The surface and cross-sectional morphologies of the HAS/PVA and TA@HAS/PVA fibers were examined by SEM, as shown in Fig. 3. Porous structures with irregular shapes were observed in the cross-section of the HAS/PVA fibers (Fig. 3a and 3c). The diameter of the porous core was approximately 1–5 µm. After crosslinking with TA to produce the TA@HAS/PVA fibers, the cross-sectional structure appeared to become more compact with smaller pores (< 2 µm) (Fig. 3b and 3d). Several previous studies found that the 3D porous structures may be related to the structure of crosslinked HAS33,38. It was because the retrogradation of SS immersed in absolute ethanol endowed the materials with complex 3D porous structures. Furthermore, the observed porous structure was expected to be favorable for adsorption.

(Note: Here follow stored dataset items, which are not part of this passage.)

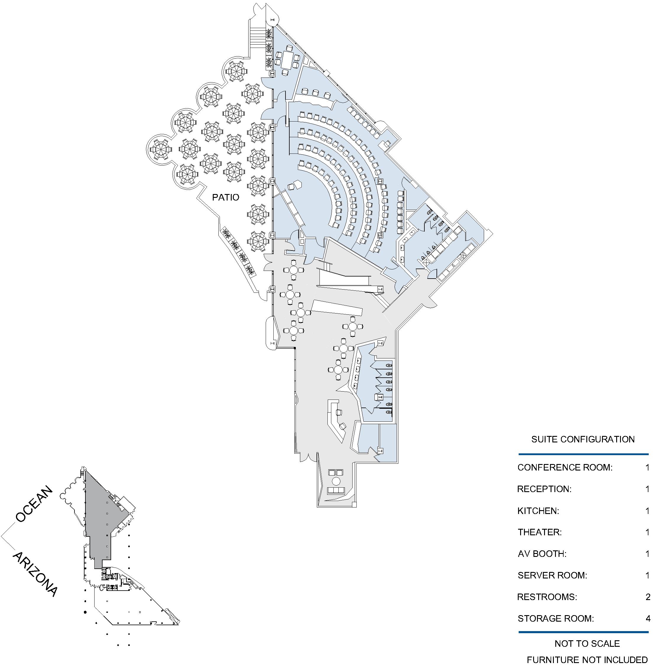 Exceptional ground floor suite features an expansive private patio with ocean views for coastal appeal! Currently built out as a conference center, the flexible layout offers a unique opportunity for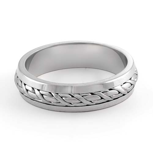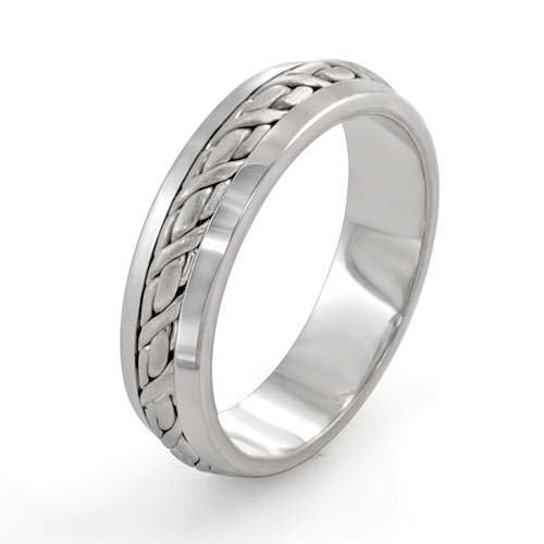 14 karat white GOLD 5.5mm wedding band with braided design and comfort fit.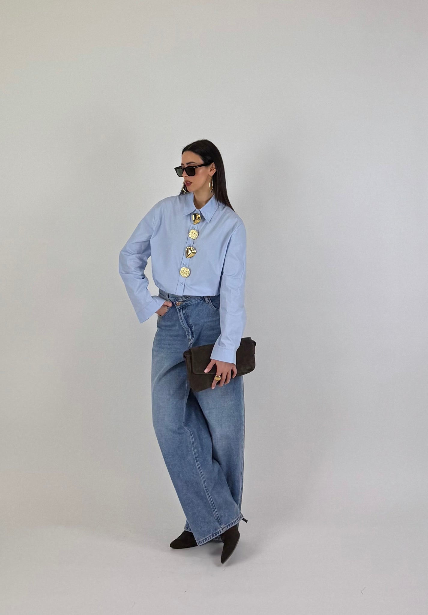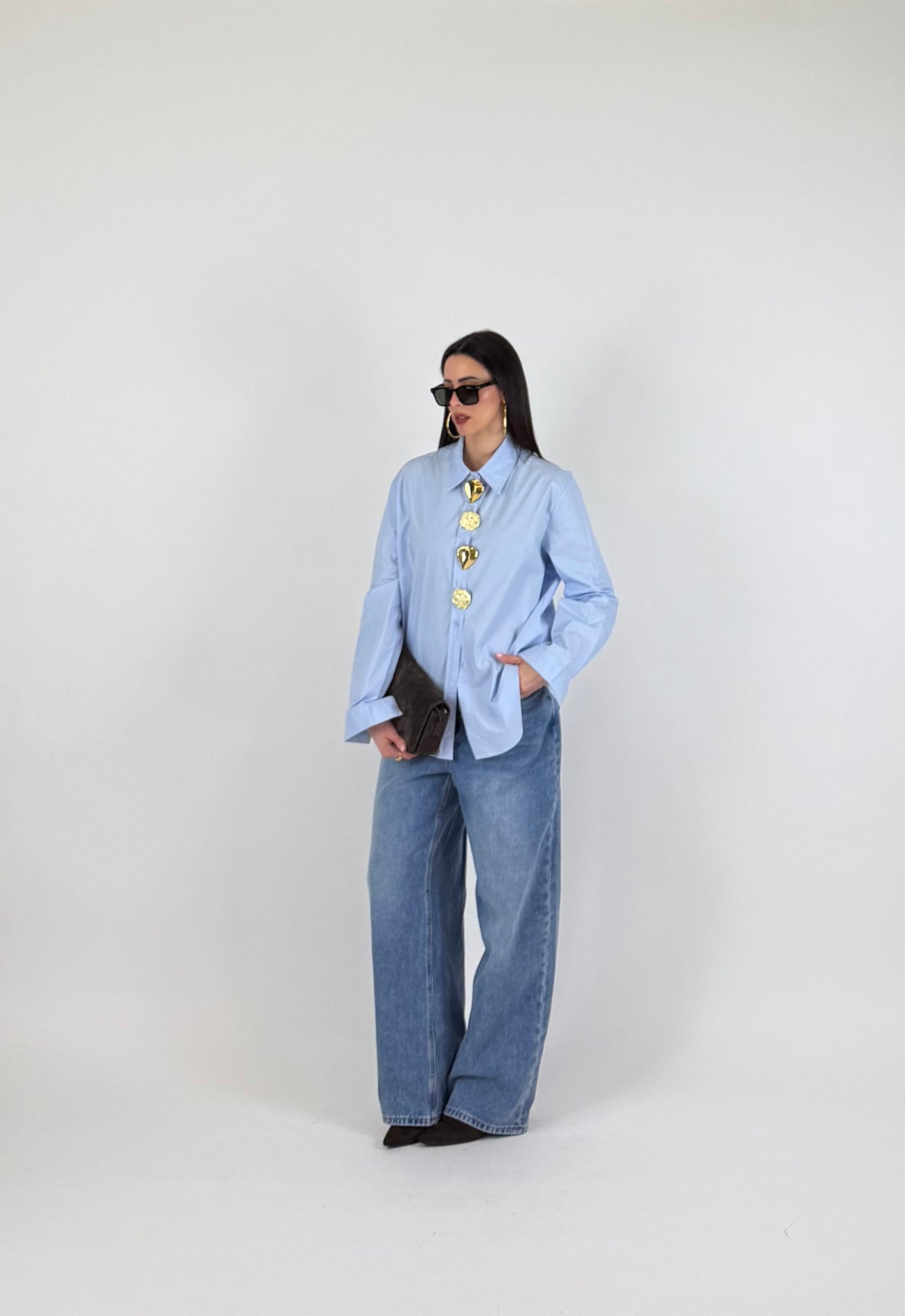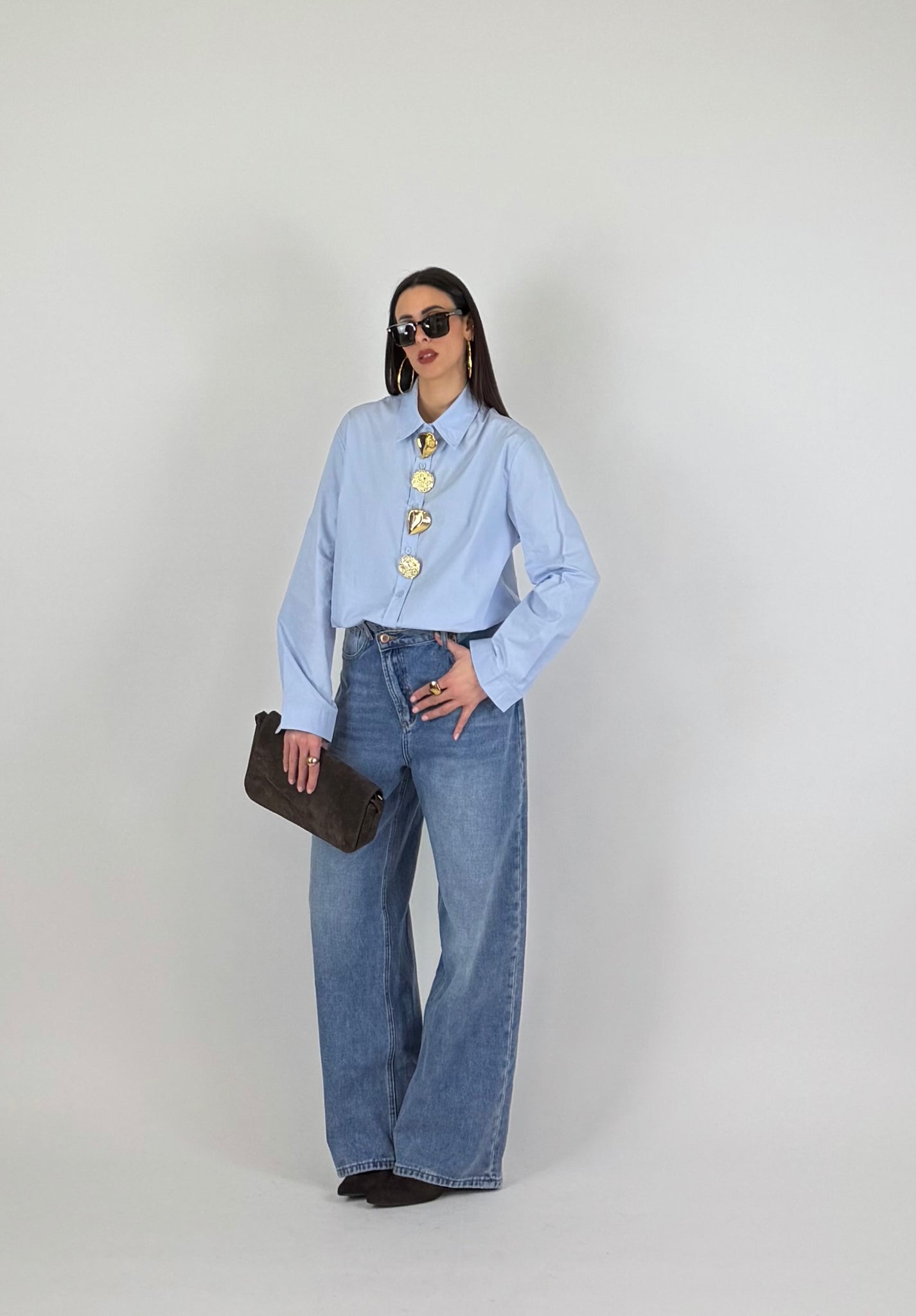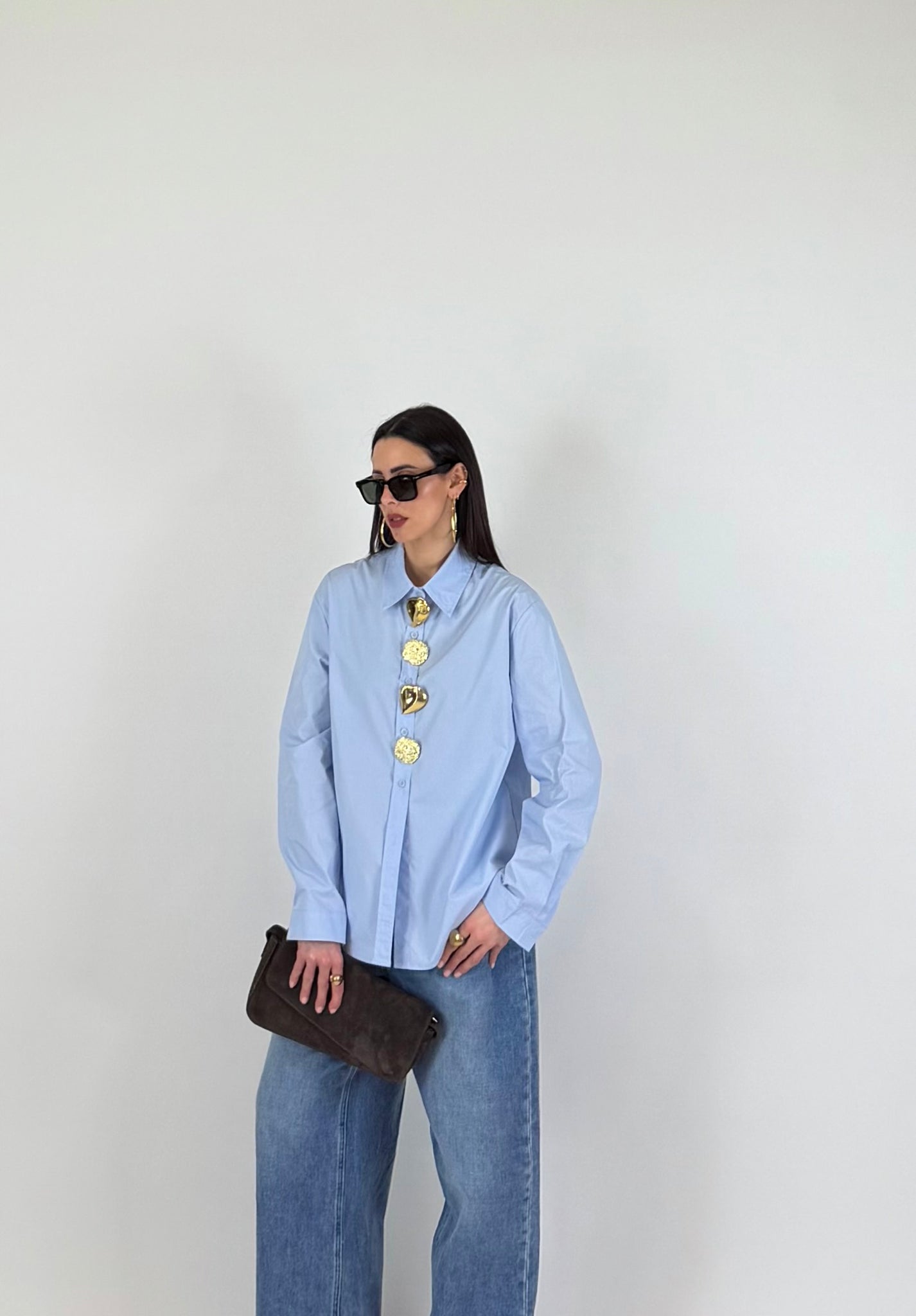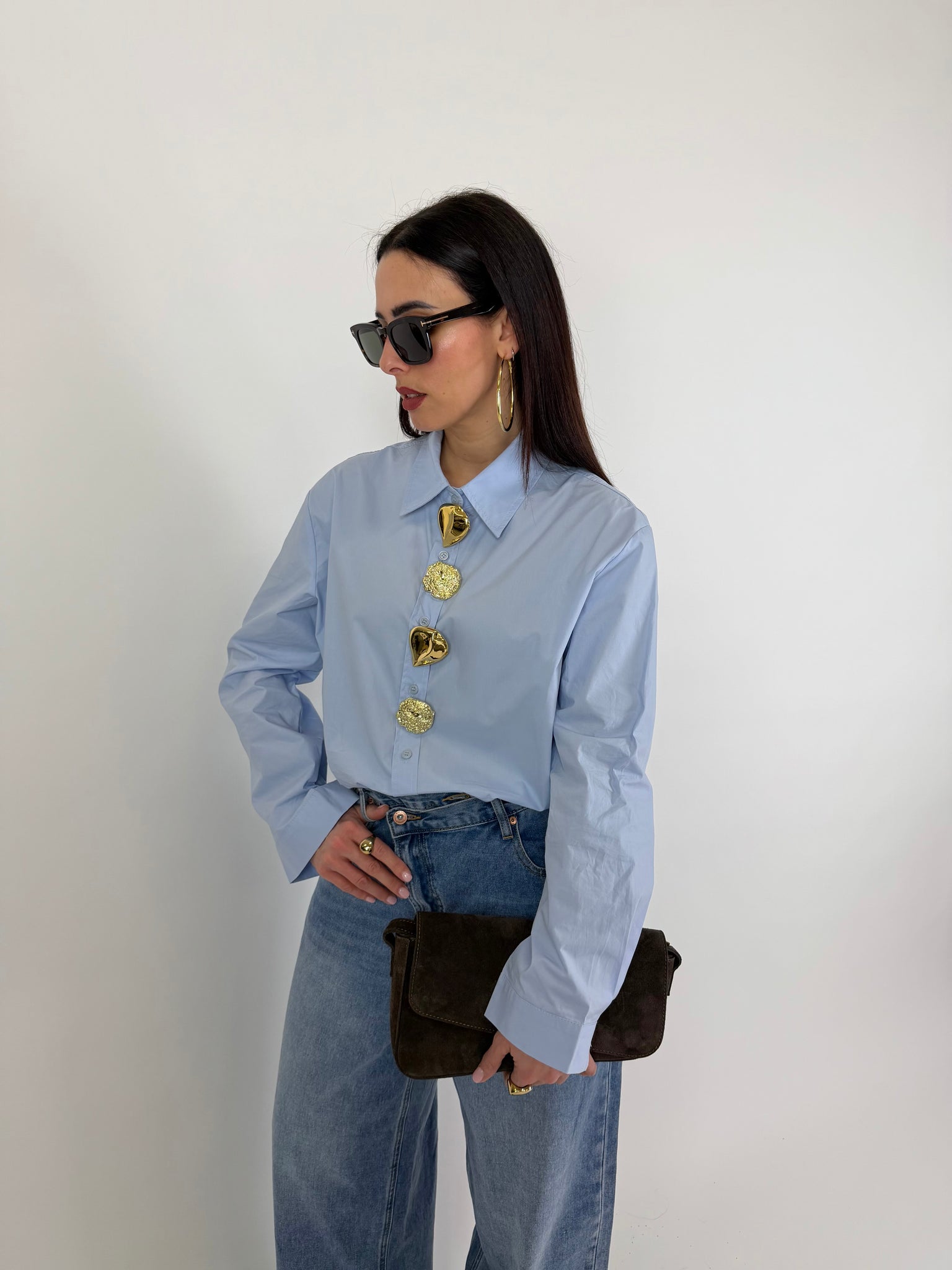 Camicia regular fit, orlo stondato, dettaglio spille placcate oro, removibili. Taglia unica veste da 38 a 46

The mechanical properties of the HAS/PVA and TA@HAS/PVA fibers were measured by tensile testing in the wet state to mimic the behavior of the fibers under actual adsorption conditions in the aqueous solution. The results were presented in Fig. 2c. The tensile strength and tensile strain of the HAS/PVA fibers were 9.83 MPa and 160.10%, respectively. For the crosslinked TA@HAS/PVA fibers, the tensile strength increased to 11.31 MPa, while the tensile strain decreased to 159.56%. These results demonstrated that the TA@HAS/PVA fibers retained excellent mechanical properties after crosslinking. The results indicated that the fibers should maintain their structure under actual adsorption conditions and encouraged us to further explore their adsorption performance.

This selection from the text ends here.